Exercise prompt >> Could you print the stretch of lines below from the one with "L’evento, con inizio" through the one with "GBZ/T 160.3-2004 工作场所空气有毒物质测定 铍及其化合物", exactly as they stand and without any pictures?

Input material >>
◆ ◆ ◆ ◆ ◆

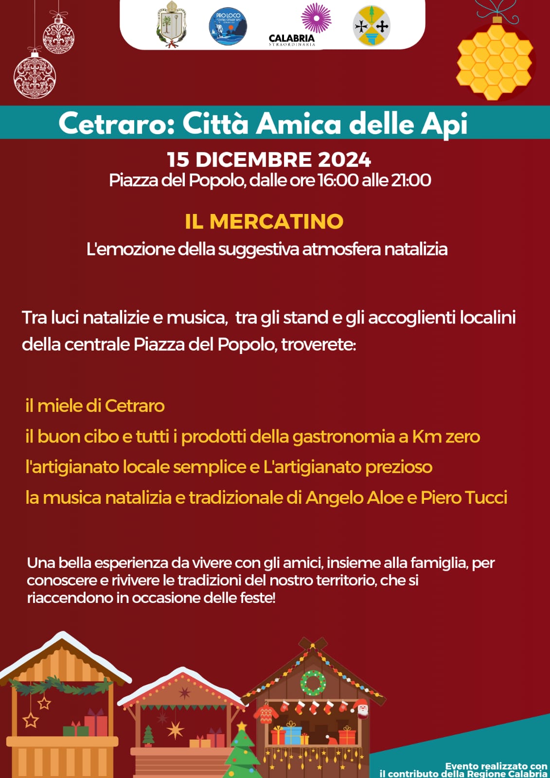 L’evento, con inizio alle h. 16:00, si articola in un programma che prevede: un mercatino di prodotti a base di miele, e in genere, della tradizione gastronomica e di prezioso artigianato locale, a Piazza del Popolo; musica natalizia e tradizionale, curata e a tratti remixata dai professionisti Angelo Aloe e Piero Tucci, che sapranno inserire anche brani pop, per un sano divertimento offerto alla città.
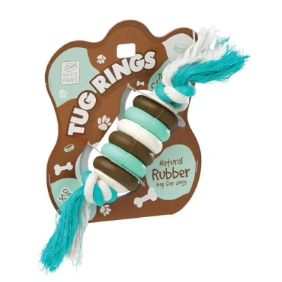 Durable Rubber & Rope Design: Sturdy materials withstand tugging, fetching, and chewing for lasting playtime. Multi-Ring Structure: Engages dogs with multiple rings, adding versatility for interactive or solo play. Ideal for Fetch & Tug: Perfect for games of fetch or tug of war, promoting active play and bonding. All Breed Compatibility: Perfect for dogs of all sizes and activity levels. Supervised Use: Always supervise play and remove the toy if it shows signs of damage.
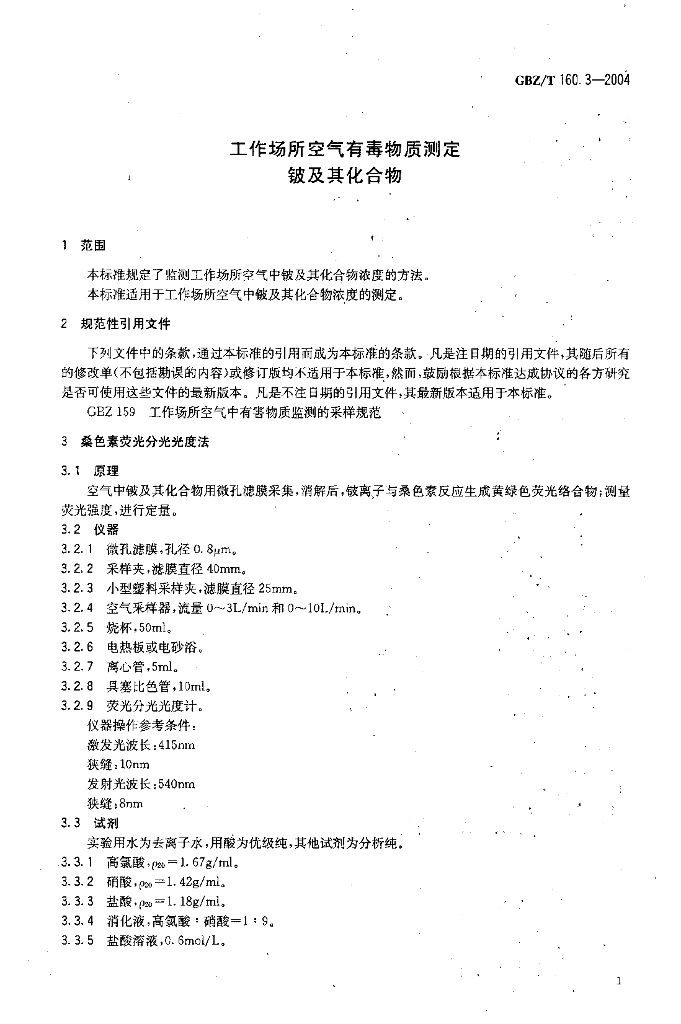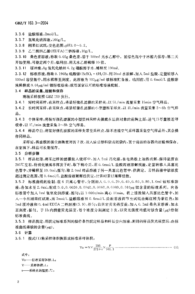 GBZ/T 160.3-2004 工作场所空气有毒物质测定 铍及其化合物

◆ ◆ ◆ ◆ ◆

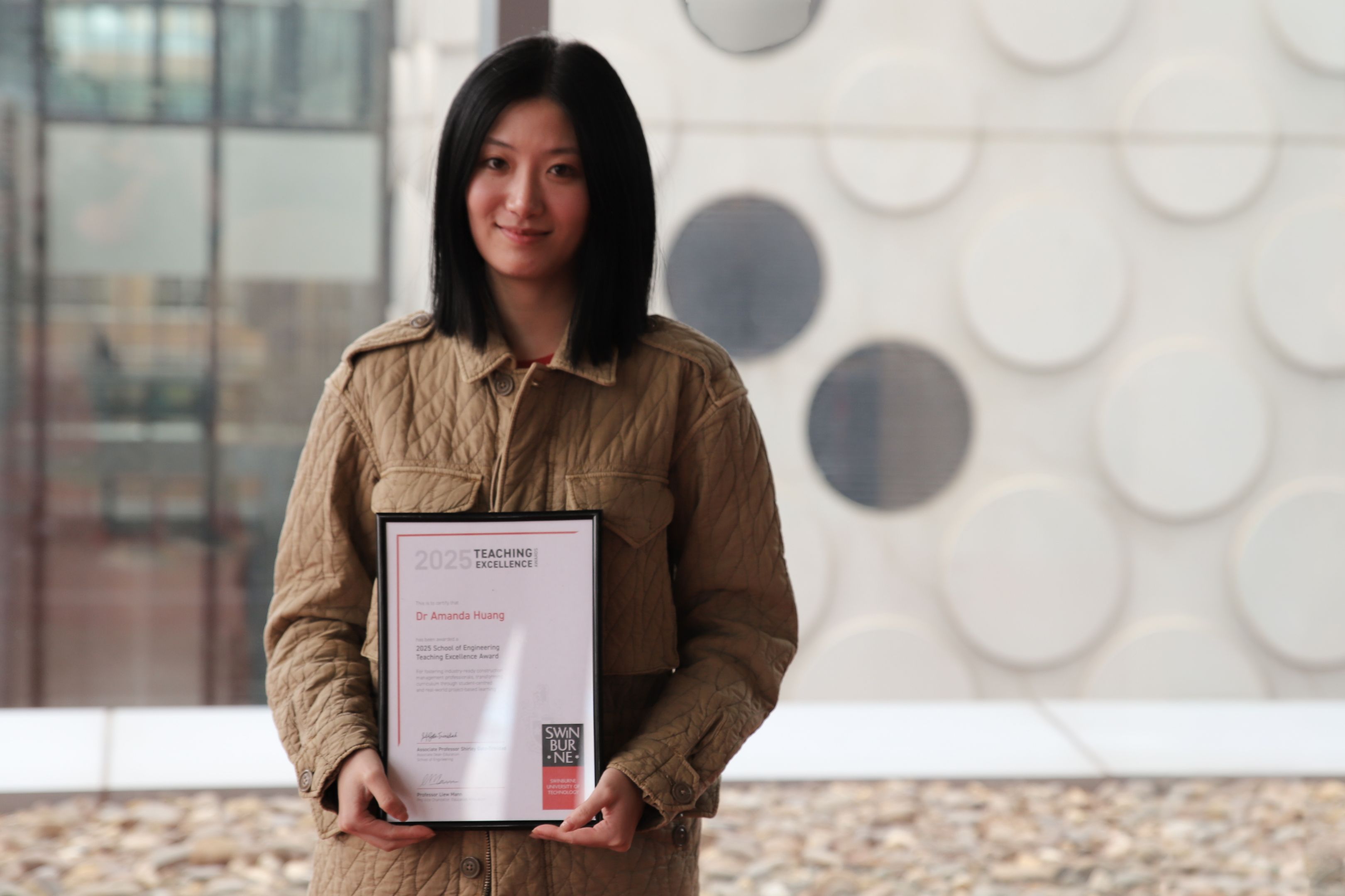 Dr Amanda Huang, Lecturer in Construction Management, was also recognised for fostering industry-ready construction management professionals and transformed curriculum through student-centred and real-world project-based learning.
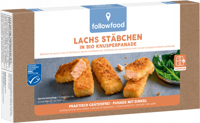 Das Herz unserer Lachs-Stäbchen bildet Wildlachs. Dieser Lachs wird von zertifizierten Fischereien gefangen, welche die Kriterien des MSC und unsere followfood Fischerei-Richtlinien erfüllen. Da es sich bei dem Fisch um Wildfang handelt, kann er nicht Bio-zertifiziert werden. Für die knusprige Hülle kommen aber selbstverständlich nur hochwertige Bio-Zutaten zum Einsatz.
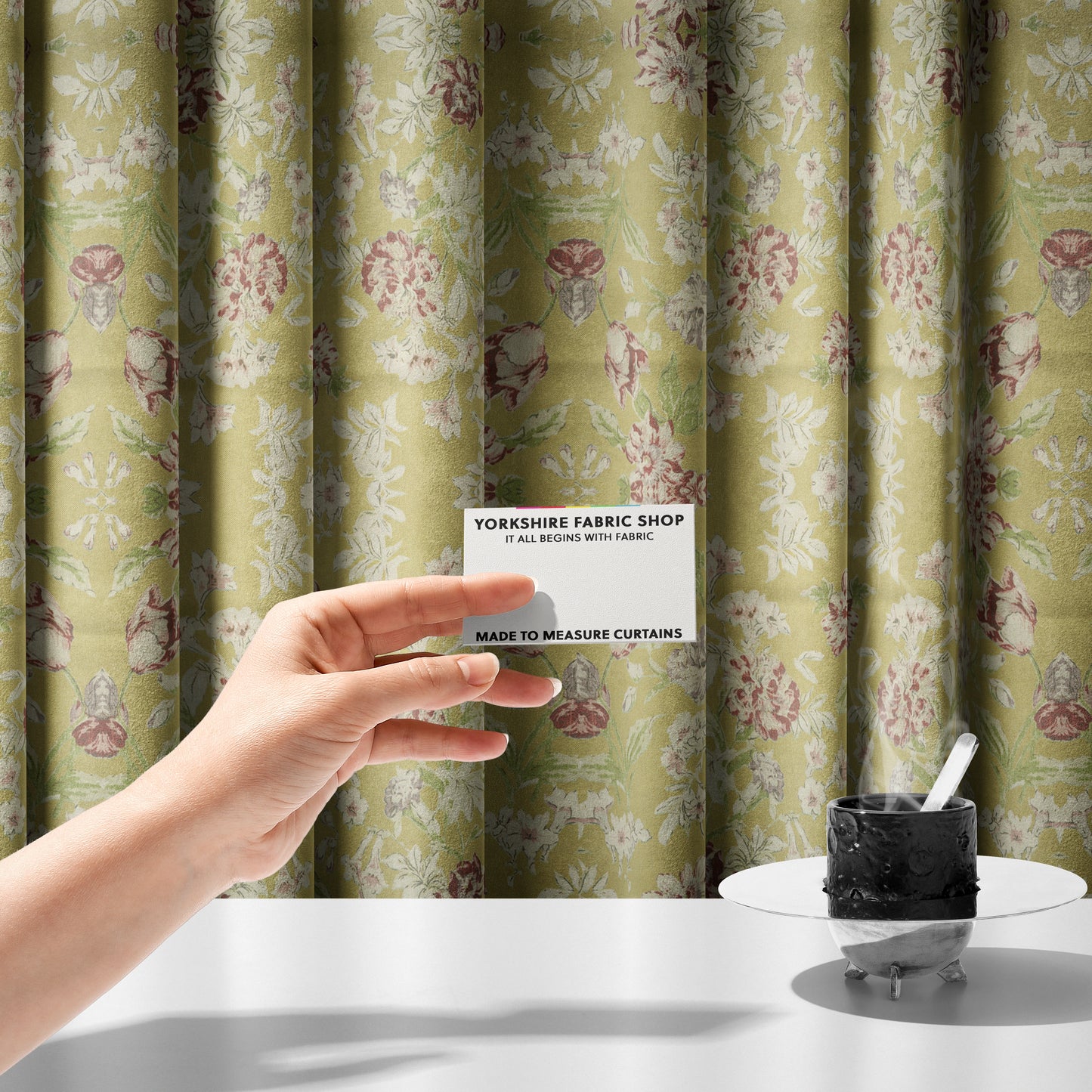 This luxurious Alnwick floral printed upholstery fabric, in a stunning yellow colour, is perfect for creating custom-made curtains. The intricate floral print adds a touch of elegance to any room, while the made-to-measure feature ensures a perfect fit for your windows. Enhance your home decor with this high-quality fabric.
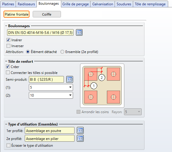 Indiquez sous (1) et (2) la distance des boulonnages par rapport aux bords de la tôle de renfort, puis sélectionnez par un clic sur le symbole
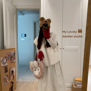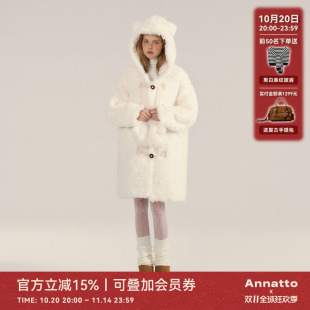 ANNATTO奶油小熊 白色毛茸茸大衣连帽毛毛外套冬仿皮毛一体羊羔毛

◆ ◆ ◆ ◆ ◆

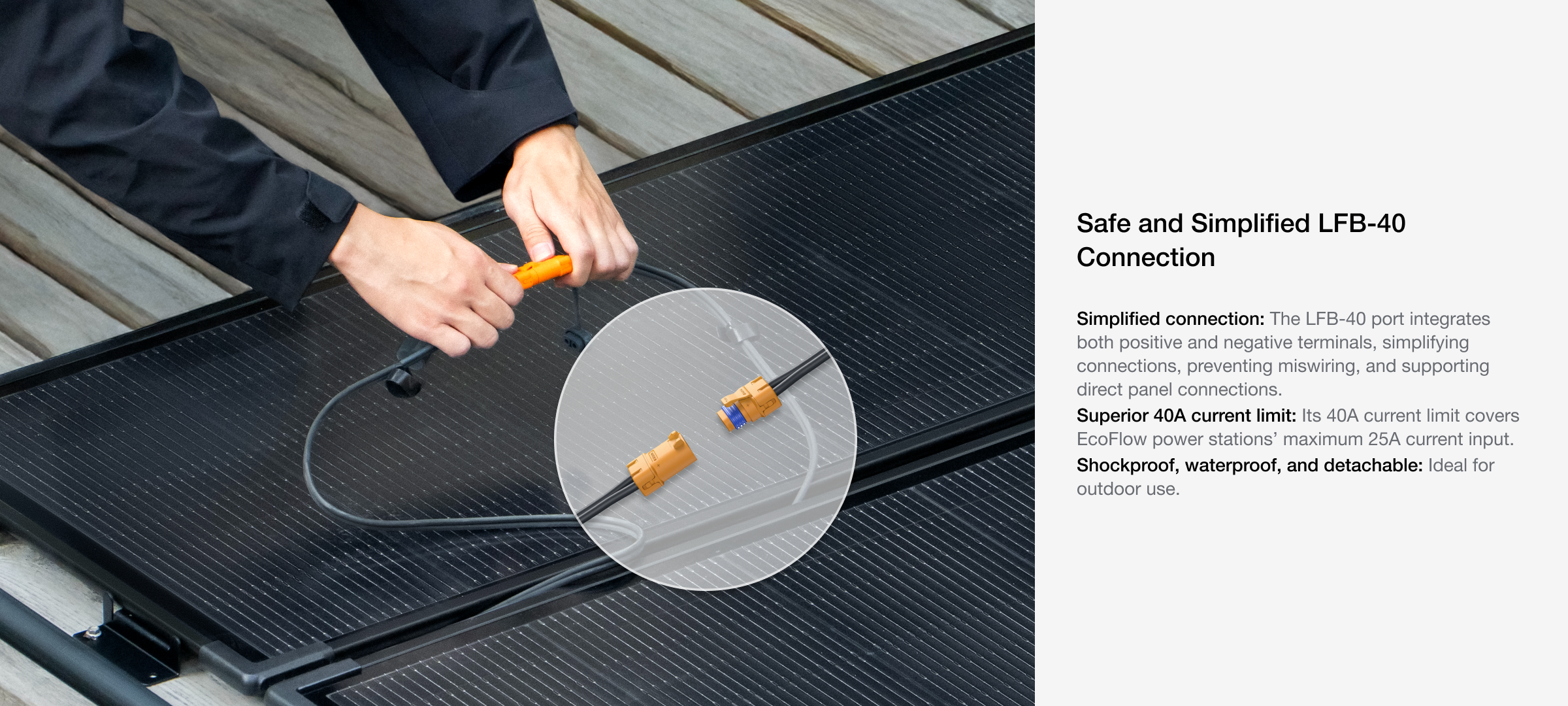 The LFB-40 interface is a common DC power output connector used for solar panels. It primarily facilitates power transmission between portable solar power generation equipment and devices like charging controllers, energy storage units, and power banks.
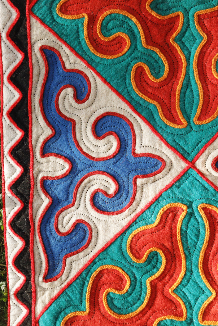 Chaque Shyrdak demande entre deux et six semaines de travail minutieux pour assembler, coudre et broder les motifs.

◆ ◆ ◆ ◆ ◆

Reply to the task >>
 L’evento, con inizio alle h. 16:00, si articola in un programma che prevede: un mercatino di prodotti a base di miele, e in genere, della tradizione gastronomica e di prezioso artigianato locale, a Piazza del Popolo; musica natalizia e tradizionale, curata e a tratti remixata dai professionisti Angelo Aloe e Piero Tucci, che sapranno inserire anche brani pop, per un sano divertimento offerto alla città.
 Durable Rubber & Rope Design: Sturdy materials withstand tugging, fetching, and chewing for lasting playtime. Multi-Ring Structure: Engages dogs with multiple rings, adding versatility for interactive or solo play. Ideal for Fetch & Tug: Perfect for games of fetch or tug of war, promoting active play and bonding. All Breed Compatibility: Perfect for dogs of all sizes and activity levels. Supervised Use: Always supervise play and remove the toy if it shows signs of damage.
 GBZ/T 160.3-2004 工作场所空气有毒物质测定 铍及其化合物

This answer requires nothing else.